- Location: Purworejo Regency, Central Java, Indonesia
- Claimed by: Toto Santoso Hadiningrat, Dyah Gitarja
- Dates claimed: 2018–present

= Keraton Agung Sejagat =

The Keraton Agung Sejagat (ꦏꦫꦠꦺꦴꦤ꧀ꦲꦒꦸꦁꦱꦗꦒꦢ꧀; Universal Grand Throne) was a hybrid mystical movement and fictional micronation based out of Purworejo Regency, Central Java, Indonesia.

Founded by Totok Santoso Hadiningrat (also known as R. Toto Santoso) and Dyah Gitarja (also known as Fanni Aminadia), the Keraton started operations in 2018 and eventually accumulated around 450 members. The Keraton attracted unfavourable public attention when they publicly performed the wilujengan ritual in a Purworejo township.

== Timeline ==

=== Origins ===
In 2016, Hadiningrat founded the Jogjakarta Development Committee (DEC), claiming to be an NGO working in the field of development. Hadiningrat claimed that anyone who signed up to be a member would get disbursements of around 100 to 200 dollars a month. These disbursements would be drawn on the committee's account with the Esa Monetary Fund, a fictional Swiss bank. The disbursements would never materialise. Four years later, Hadiningrat would re-surface with the Keraton.

=== Founding ===
Hadiningrat claimed he was granted the authority to found a successor state to the Majapahit Empire in 2018. He based this claim on the contention that when the Majapahit emperor Dyah Ranawijaya signed over sovereignty to the Portuguese in 1518, he did so on the condition that sovereignty be returned 500 years in the future.

=== Frivolous claims ===
Hadiningrat claimed the Pentagon and the United Nations as being under the authority of the Keraton. He also claimed dominion over every country on Earth. Hadiningrat painted a portrait in which the United Nations served as the legislature, the International Court of Justice the judiciary, and the Pentagon responsible for the defence of the Keraton.

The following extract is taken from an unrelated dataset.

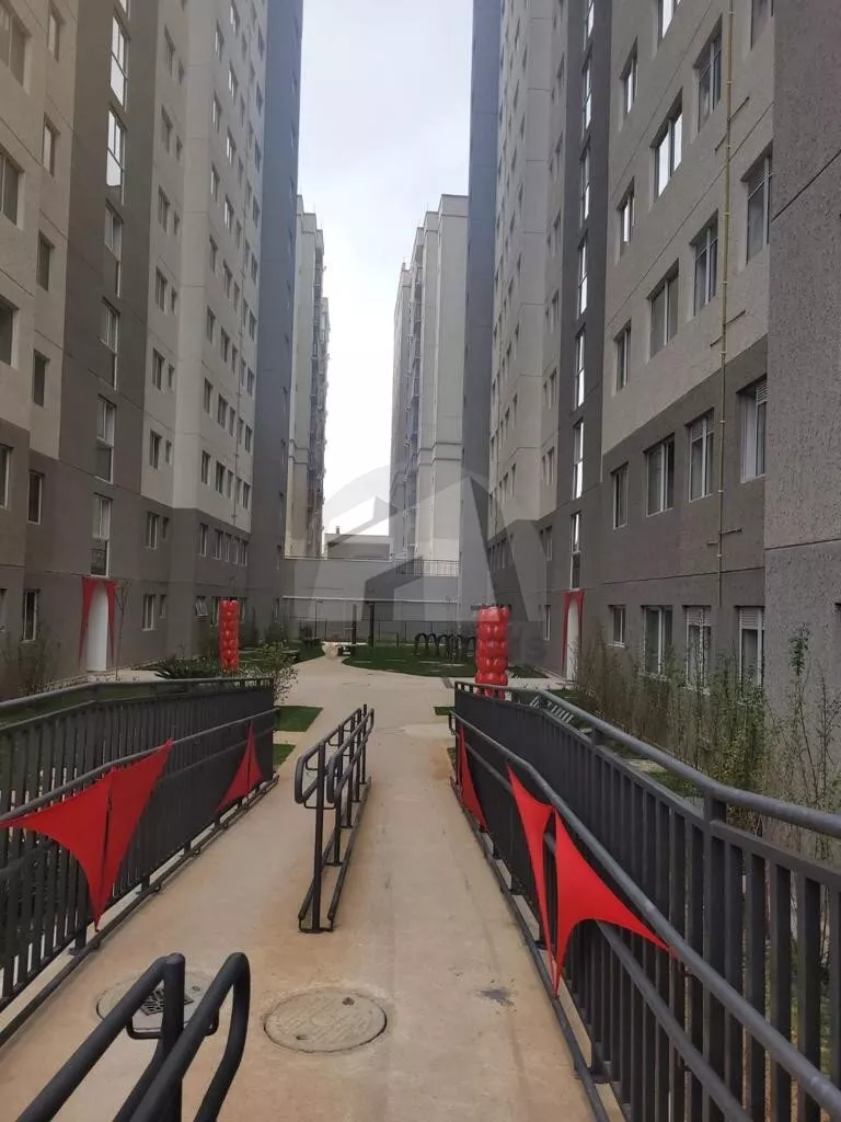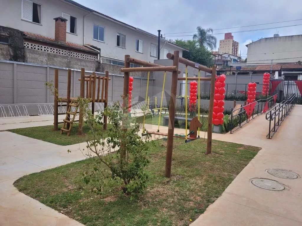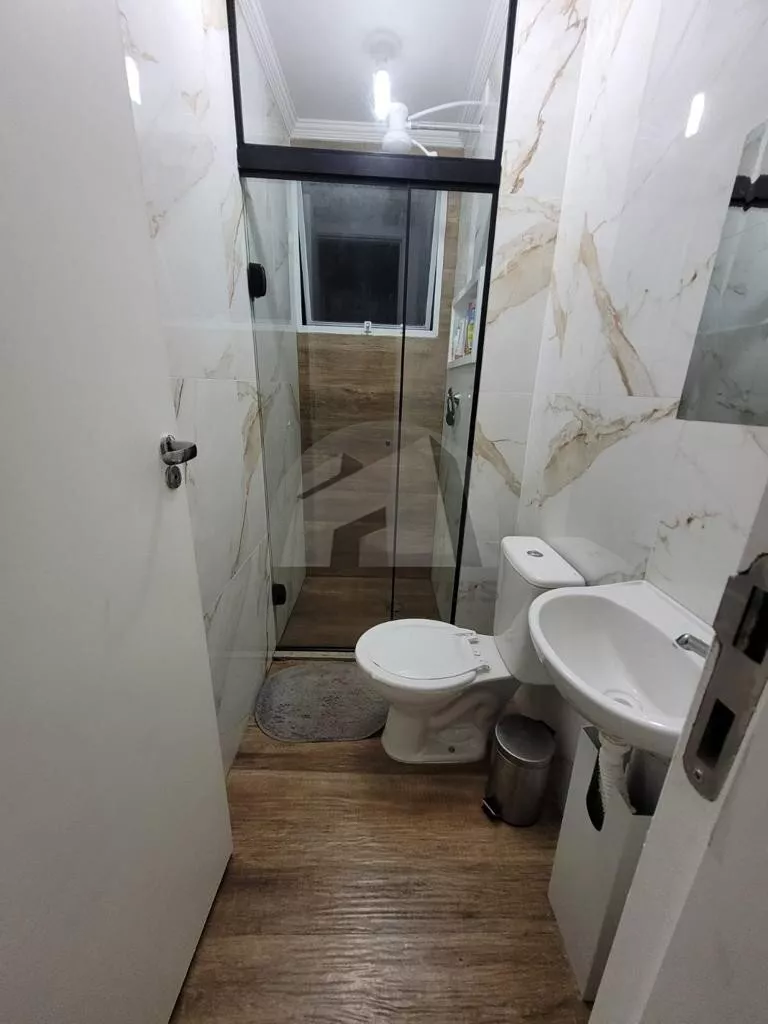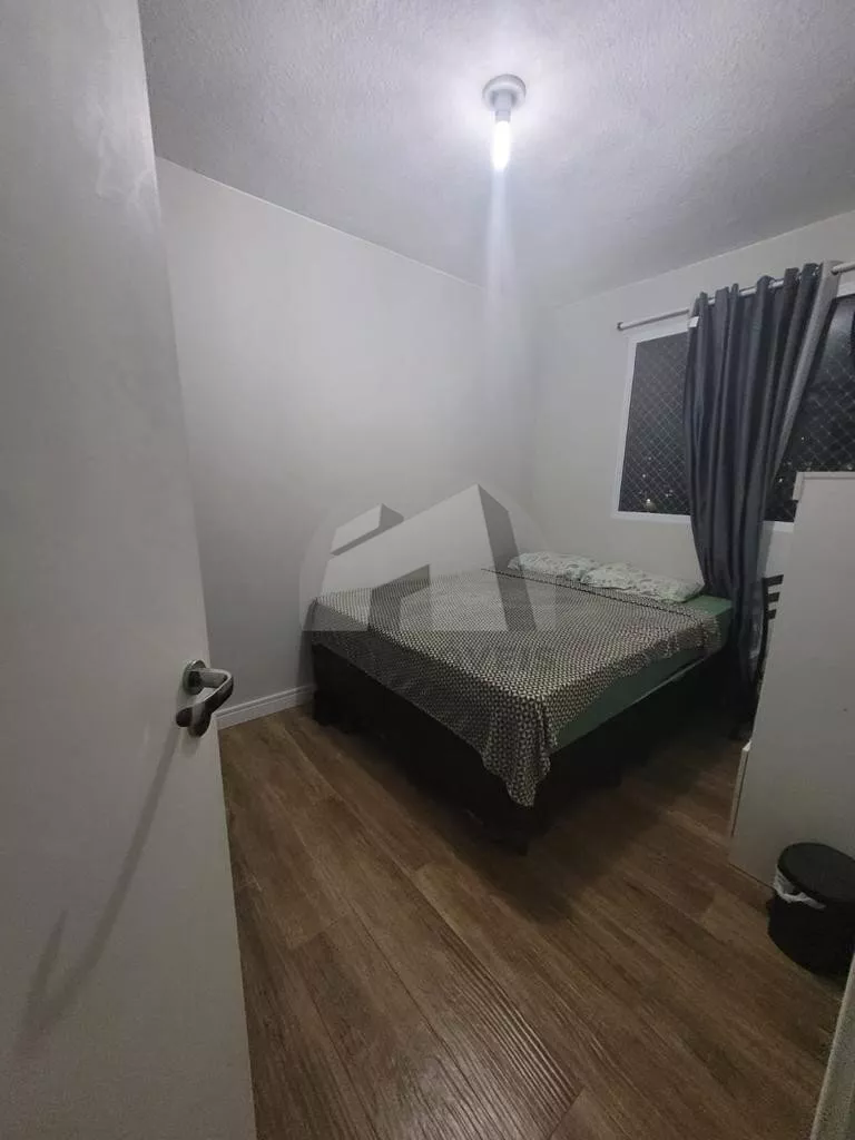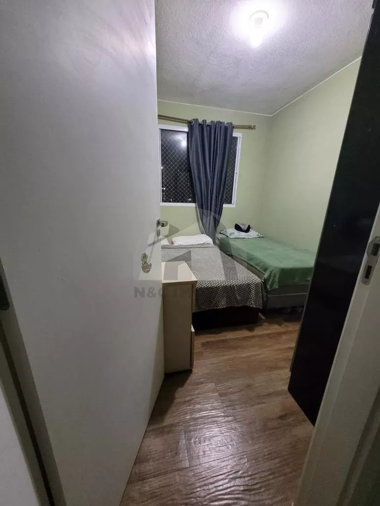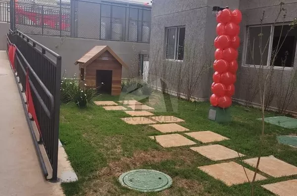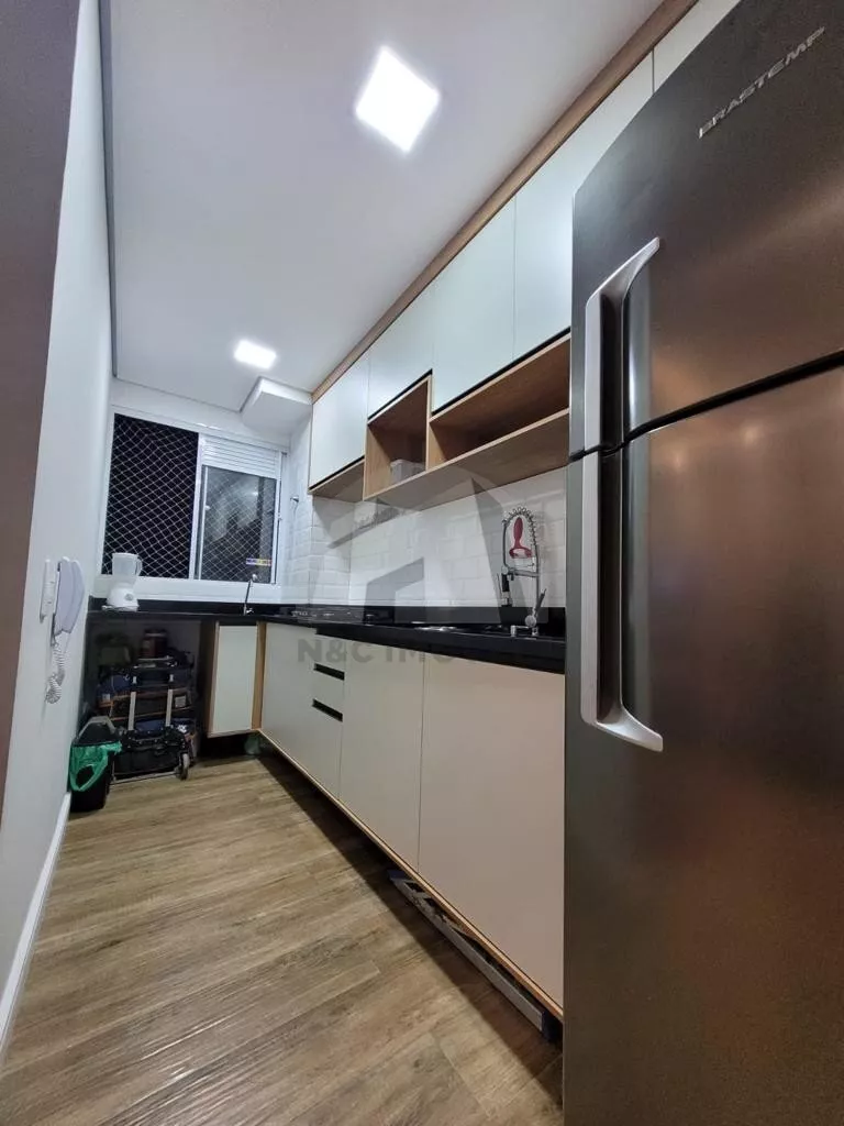 Apartamento de 44m², conta com 2 dormitórios, sala, cozinha americana com armários planejados e área de serviço.

=== Response and further developments ===
Hadiningrat collected around 200 dollars from prospective members in exchange for uniforms and titles.

On 12 January 2020, Keraton members held a wilujengan at Pogung Juru Tengah township in Purworejo Prefectire. The event reportedly caused local residents discomfort, and many of them lodged first information reports with the Indonesian National Police. The following day, law enforcement officers arrived to investigate the scene. Hadiningrat and Gitarja were taken into custody on 14 January in Kulon Progo Regency, Special Region of Yogyakarta. They were transferred to Semarang and designated suspects on the 15th.

On the 21st, Hadiningrat admitted in a press conference that the Keraton was a scam, and that its alleged historicity was entirely fabricated.

== Public response ==
Sultan Hamengkubuwono X, Governor of the Jogjakarta Special Administrative Region, reportedly laughed and denied knowing of the Keraton when interviewed.

Bondan Kanumoyoso, a historian at the University of Indonesia, rejected Hadiningrat's claims outright, saying that the Majapahit Empire collapsed in 1478. This would constitute a discrepancy with Hadiningrat's claim of a 1518 Majapahit-Portuguese treaty, on which the Keraton's legitimacy is predicated.